What the task asks — Use the entries below and reproduce exactly the lines from the one containing "South Estonian language" down to the one containing "by Lawrence Alma-Tadema", both of them included.

Material for the task —
##########

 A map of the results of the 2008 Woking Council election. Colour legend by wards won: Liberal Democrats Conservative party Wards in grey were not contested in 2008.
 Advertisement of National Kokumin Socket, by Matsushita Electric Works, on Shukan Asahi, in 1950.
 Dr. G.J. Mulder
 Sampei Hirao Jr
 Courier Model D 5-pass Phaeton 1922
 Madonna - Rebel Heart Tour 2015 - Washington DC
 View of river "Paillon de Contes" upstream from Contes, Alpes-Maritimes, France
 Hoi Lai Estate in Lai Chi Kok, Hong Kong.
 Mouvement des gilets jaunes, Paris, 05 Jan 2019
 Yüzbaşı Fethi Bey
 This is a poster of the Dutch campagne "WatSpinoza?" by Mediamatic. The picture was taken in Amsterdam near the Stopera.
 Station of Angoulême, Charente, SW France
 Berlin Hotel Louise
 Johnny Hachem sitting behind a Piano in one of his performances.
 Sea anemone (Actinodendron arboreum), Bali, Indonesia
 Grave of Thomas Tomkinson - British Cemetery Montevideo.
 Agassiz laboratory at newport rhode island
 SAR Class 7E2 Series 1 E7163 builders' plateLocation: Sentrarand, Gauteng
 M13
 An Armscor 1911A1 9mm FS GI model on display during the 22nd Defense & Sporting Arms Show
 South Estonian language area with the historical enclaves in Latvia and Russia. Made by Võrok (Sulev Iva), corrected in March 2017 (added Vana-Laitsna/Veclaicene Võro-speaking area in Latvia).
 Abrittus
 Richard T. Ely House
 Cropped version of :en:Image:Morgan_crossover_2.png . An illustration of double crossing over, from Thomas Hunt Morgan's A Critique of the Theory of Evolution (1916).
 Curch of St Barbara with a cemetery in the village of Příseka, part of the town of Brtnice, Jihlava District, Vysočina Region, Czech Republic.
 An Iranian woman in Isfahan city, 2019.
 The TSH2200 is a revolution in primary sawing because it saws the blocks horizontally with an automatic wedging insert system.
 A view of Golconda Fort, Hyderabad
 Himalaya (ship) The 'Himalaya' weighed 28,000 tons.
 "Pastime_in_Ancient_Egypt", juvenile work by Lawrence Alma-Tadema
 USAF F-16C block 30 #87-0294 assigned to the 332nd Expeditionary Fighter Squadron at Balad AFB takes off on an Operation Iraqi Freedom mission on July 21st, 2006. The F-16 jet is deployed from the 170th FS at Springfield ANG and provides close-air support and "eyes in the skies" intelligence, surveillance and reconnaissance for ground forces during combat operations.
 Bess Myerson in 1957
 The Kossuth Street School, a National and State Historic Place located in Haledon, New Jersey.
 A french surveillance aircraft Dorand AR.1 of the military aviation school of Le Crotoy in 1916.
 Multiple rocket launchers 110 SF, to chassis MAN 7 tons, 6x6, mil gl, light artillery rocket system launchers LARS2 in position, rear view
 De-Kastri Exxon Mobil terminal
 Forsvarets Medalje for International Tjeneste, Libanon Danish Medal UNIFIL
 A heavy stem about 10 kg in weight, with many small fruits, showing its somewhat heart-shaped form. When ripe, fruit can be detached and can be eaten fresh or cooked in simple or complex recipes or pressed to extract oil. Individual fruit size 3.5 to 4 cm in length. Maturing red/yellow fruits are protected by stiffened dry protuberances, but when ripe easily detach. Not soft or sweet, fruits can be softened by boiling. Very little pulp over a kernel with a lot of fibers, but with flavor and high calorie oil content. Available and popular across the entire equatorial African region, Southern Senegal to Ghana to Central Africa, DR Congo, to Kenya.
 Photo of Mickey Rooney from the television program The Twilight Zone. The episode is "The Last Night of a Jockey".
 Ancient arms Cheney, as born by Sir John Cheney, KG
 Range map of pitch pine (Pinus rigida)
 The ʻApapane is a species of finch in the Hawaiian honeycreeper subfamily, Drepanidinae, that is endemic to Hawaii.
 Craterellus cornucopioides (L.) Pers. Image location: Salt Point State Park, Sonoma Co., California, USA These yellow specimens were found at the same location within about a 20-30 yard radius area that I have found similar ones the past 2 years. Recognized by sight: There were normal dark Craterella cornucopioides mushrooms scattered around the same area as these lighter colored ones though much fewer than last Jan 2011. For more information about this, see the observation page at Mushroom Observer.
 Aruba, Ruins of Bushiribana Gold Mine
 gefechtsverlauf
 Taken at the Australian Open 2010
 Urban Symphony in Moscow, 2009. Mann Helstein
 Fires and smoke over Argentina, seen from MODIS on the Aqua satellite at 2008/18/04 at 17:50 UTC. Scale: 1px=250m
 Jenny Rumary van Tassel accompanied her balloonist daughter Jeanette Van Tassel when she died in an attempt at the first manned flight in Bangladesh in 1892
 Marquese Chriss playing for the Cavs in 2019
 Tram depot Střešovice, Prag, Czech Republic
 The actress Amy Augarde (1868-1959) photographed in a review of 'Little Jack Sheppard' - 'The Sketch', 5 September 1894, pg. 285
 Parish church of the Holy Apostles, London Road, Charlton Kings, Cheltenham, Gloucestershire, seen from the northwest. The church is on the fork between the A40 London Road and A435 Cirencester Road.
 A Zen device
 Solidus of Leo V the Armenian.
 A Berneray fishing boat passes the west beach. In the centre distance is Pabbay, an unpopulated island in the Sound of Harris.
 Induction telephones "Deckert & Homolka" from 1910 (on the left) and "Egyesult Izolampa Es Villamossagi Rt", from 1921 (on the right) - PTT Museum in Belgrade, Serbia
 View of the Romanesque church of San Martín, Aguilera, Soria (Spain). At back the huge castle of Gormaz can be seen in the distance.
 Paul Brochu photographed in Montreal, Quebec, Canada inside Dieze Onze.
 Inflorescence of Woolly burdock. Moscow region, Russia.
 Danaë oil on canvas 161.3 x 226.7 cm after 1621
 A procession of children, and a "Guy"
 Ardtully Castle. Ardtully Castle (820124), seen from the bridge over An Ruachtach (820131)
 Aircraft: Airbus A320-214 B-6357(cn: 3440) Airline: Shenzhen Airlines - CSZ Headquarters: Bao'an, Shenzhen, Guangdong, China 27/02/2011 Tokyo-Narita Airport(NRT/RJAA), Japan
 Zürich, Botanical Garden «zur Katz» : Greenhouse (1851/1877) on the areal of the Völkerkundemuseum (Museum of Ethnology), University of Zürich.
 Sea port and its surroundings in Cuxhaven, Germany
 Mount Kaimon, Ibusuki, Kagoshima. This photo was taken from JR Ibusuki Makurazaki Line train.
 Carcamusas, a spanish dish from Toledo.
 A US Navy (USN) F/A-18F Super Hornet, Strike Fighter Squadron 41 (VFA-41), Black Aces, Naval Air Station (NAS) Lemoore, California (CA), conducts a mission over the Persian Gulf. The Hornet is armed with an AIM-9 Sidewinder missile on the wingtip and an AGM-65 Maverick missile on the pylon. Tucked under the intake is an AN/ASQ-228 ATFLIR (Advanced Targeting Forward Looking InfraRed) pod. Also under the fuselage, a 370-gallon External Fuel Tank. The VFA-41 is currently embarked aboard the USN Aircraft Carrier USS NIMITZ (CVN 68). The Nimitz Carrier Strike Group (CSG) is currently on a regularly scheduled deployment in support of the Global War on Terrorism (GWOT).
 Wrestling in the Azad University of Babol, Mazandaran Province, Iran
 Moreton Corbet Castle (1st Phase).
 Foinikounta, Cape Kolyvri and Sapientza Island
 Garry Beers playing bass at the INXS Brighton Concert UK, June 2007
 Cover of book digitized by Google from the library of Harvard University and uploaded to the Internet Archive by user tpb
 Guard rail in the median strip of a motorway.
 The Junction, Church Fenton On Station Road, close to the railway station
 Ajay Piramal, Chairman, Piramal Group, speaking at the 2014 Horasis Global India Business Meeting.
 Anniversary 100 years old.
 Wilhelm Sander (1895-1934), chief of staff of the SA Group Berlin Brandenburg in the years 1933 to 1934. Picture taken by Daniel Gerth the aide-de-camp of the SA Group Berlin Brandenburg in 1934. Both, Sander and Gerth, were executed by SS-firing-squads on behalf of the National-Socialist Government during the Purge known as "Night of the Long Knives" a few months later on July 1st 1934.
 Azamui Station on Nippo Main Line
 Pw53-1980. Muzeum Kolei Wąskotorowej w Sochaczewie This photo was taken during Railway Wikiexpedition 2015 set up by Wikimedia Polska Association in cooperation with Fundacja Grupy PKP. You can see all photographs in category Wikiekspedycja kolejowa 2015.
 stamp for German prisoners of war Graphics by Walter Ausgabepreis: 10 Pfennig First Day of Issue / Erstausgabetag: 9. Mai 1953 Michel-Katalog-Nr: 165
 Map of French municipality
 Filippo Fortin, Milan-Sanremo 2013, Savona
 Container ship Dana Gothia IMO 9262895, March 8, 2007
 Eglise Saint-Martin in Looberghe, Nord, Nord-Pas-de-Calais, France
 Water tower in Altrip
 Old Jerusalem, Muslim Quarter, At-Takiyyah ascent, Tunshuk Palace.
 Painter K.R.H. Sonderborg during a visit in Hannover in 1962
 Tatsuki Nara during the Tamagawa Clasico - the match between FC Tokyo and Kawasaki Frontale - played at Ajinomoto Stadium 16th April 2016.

##########

Finished task —
 South Estonian language area with the historical enclaves in Latvia and Russia. Made by Võrok (Sulev Iva), corrected in March 2017 (added Vana-Laitsna/Veclaicene Võro-speaking area in Latvia).
 Abrittus
 Richard T. Ely House
 Cropped version of :en:Image:Morgan_crossover_2.png . An illustration of double crossing over, from Thomas Hunt Morgan's A Critique of the Theory of Evolution (1916).
 Curch of St Barbara with a cemetery in the village of Příseka, part of the town of Brtnice, Jihlava District, Vysočina Region, Czech Republic.
 An Iranian woman in Isfahan city, 2019.
 The TSH2200 is a revolution in primary sawing because it saws the blocks horizontally with an automatic wedging insert system.
 A view of Golconda Fort, Hyderabad
 Himalaya (ship) The 'Himalaya' weighed 28,000 tons.
 "Pastime_in_Ancient_Egypt", juvenile work by Lawrence Alma-Tadema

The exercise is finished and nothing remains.